前回告知どおり冬になった。この週末からまた夏になるそうだ。「三寒四温」「花冷え」なんて季節を表す言葉も、傍若無人の気象に追い払われて居場所を失ったのかもしれない。

上方落語の、というよりも上方芸能を象徴する存在であった桂米朝さんが、19日に亡くなったそうだ。89歳だった。
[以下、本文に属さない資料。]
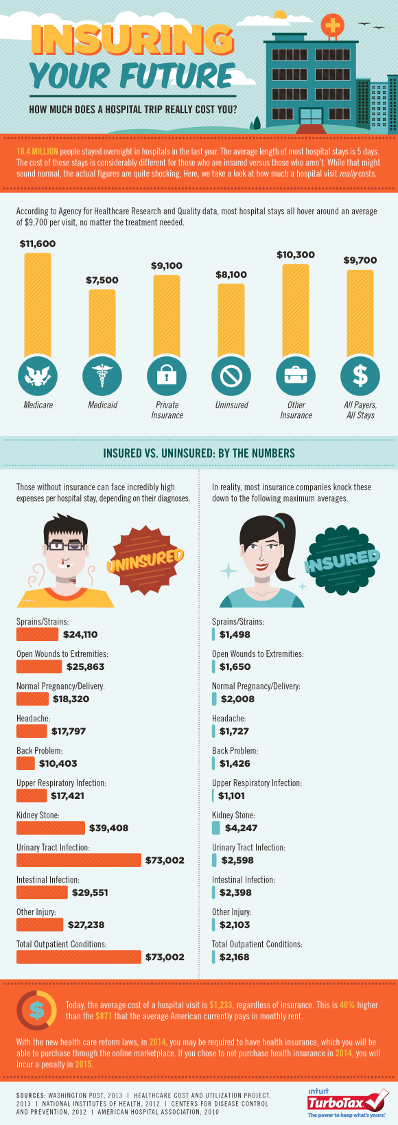 How does the cost of a hospital visit vary depending on the type of health insurance?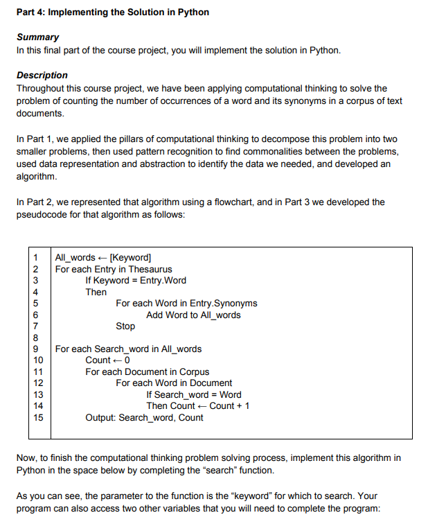 Solved Part 4: Implementing the Solution in Python Summary | Chegg.com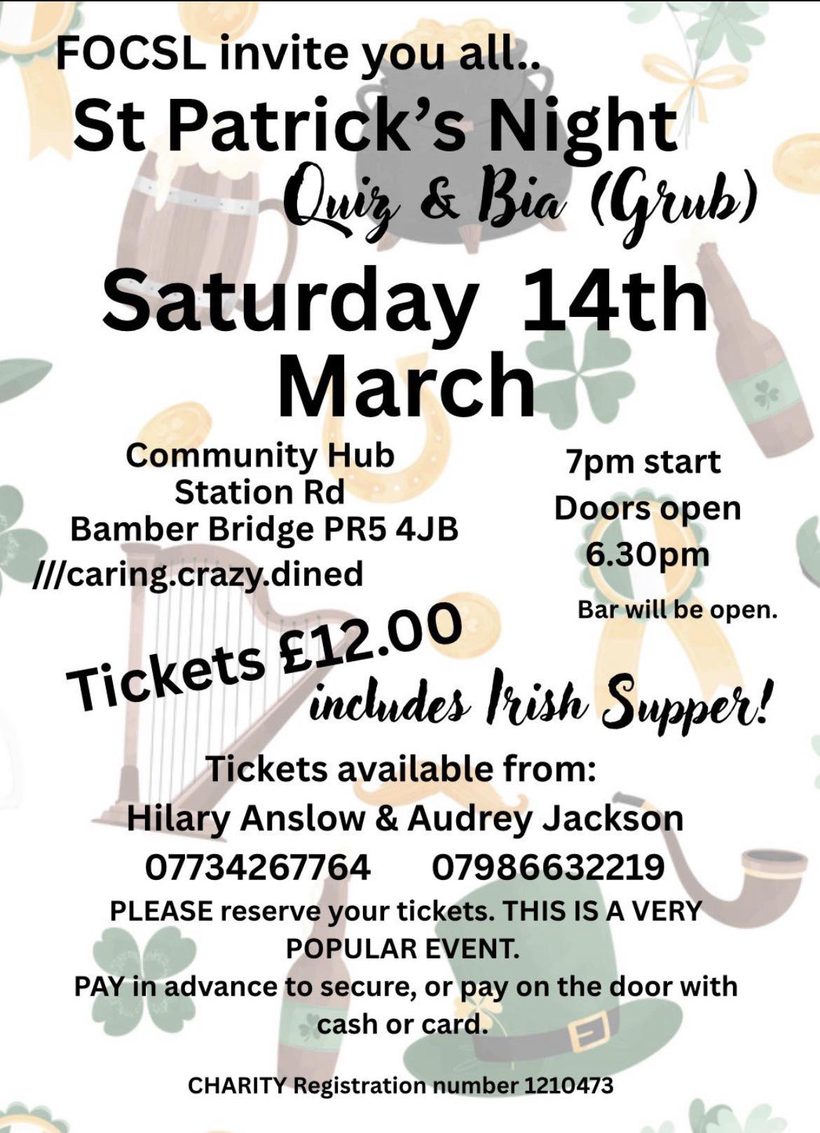 Friends of the Church of St Leonard's St Patrick's Night Quiz & Grub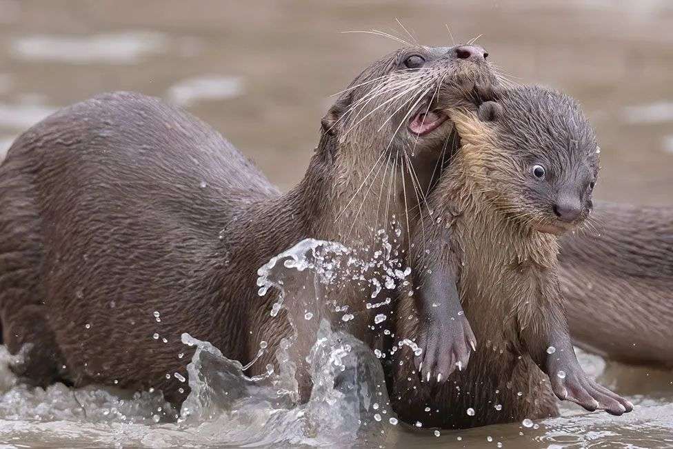 不过,拍摄者Chee Kee Teo表示,照片中叼住小獭的其实并不是它的妈妈,而是家族里的其它水獭。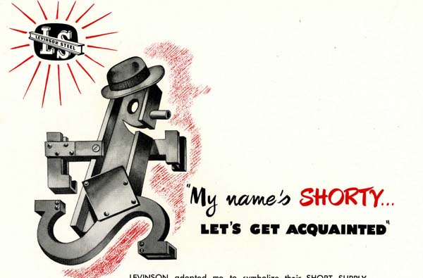Levinson Steel used the Shorty character as an icon. Date 1951 Identifier 20030076_B001_black_album_my_name_shorty.pdf Collection Levinson Steel Company Collection Source Rauh Jewish Archives at the Heinz History Center Family The Levinson Family : View Family Member View Document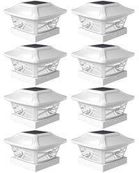 Davinci Lighting Renaissance Solar Post cap Lights turn your posts into outdoor lights These bright and beautiful solar powered lamps charge in sunlight and turn on automatically at night Versatile: - Fixtures fit 4 inch vinyl posts, as well as 4 inch 5 inch and 6 inch wood posts - can be also set on any flat surface - Perfect for fence, deck, patio, path, dock, railing, or garden lighting cordless: - Place them anywhere, without worrying about wires Easy to Install: - Avoid the cost and headache of hiring an electrician or contractor - Simply screw onto your post Built to Last: - Weve worked hard to build the best lights that deliver great value - UV protected housing and matte textured finish - Weatherproof for use in rain, sleet, or snow - Lifelong LEDs Specifications: - 25 lumens brightness - Warm white (3000 Kelvin) LED - 12v 800mAh NiMH AA size rechargeable battery (replaceable) - Advanced monocrystalline solar panel - 7-8 hours of battery life after 8 hours of direct sunlight Included Base Sizes: - 4 Inch Vinyl: 4 x 4 - 4 Inch Wood: 35 x 35 - 5 Inch Wood: 45 x 45 - 6 Inch Wood: 55 x 55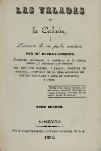 1834. (LITERATURA). DUCRAY-DUMINIL, M.: LAS VELADAS DE LA CABAÑA. Barcelona: Imp. Juan Francisco Piferrer, 1834. 4 vol. en 8º menor. I: 1 h., V + 285 p., 4 lám. grabadas por Domingo Estruc. II: 1 h., 287 p., 4 lám. III: 1 h., 330 p., 1 h., 4...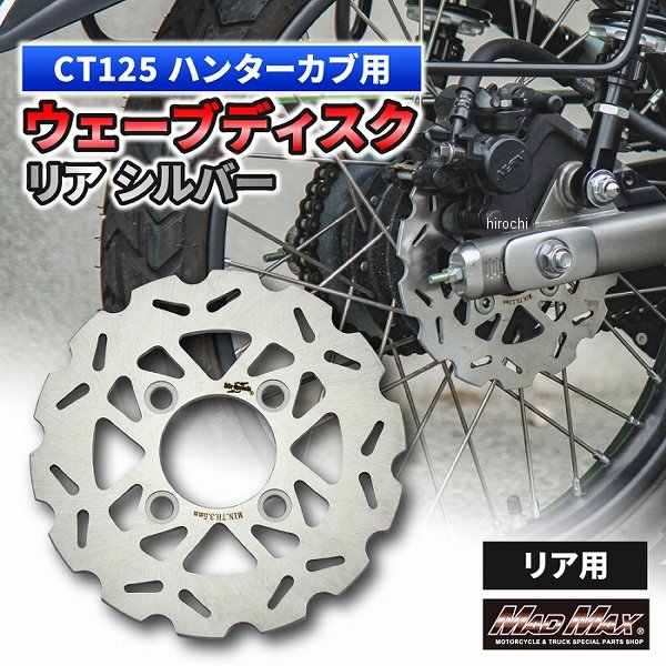 Mr Quick製190mm ウェーブリアディスクホンダ CT125 ハンターカブ(JA55/JA65)カラー:シルバー【商品説明】ウェーブ形状でフロント周りのカスタムにおススメです。純正ディスクと同じサイズなのでノーマルキャリパーのままで、取付け可能です。※注意事項※撮影環境上、色調が異なる場合が御座いますので予めご了承下さい。また生産ロットにより画像と比べ色が若干異なる場合がございます。予めご了承ください。海外輸入品となりますので輸送の際の多少の小キズ等御座います。

今日、告別式が行われているはずである。

上方落語を愛好し、一時期は米朝一門が出演する落語会へ頻繁に出かけていた禿頭ジジイとして、ここはやはり落語の葬儀ネタ?で追悼したい。
2回続けて葬儀ネタやなんて縁起でもない、と思われるのはごもっとも。
ところが米朝噺の一席は、茶屋遊びに飽きた旦那が趣向を変えて楽しもうと、正月に馴染みの茶屋で葬礼のいたずらを仕掛けるというもの。

「けんげしゃ」とはゲンをかつぐ人のこと。マクラで語句の解説があってからネタに入る。
旦那がけんげしゃの茶屋へ出かけ新年のお祝いを聞く間もなく、茶屋の母娘が死んだ夢を見たと話し出す。そしてことごとくをゲンの悪いほうへもっていこうとする。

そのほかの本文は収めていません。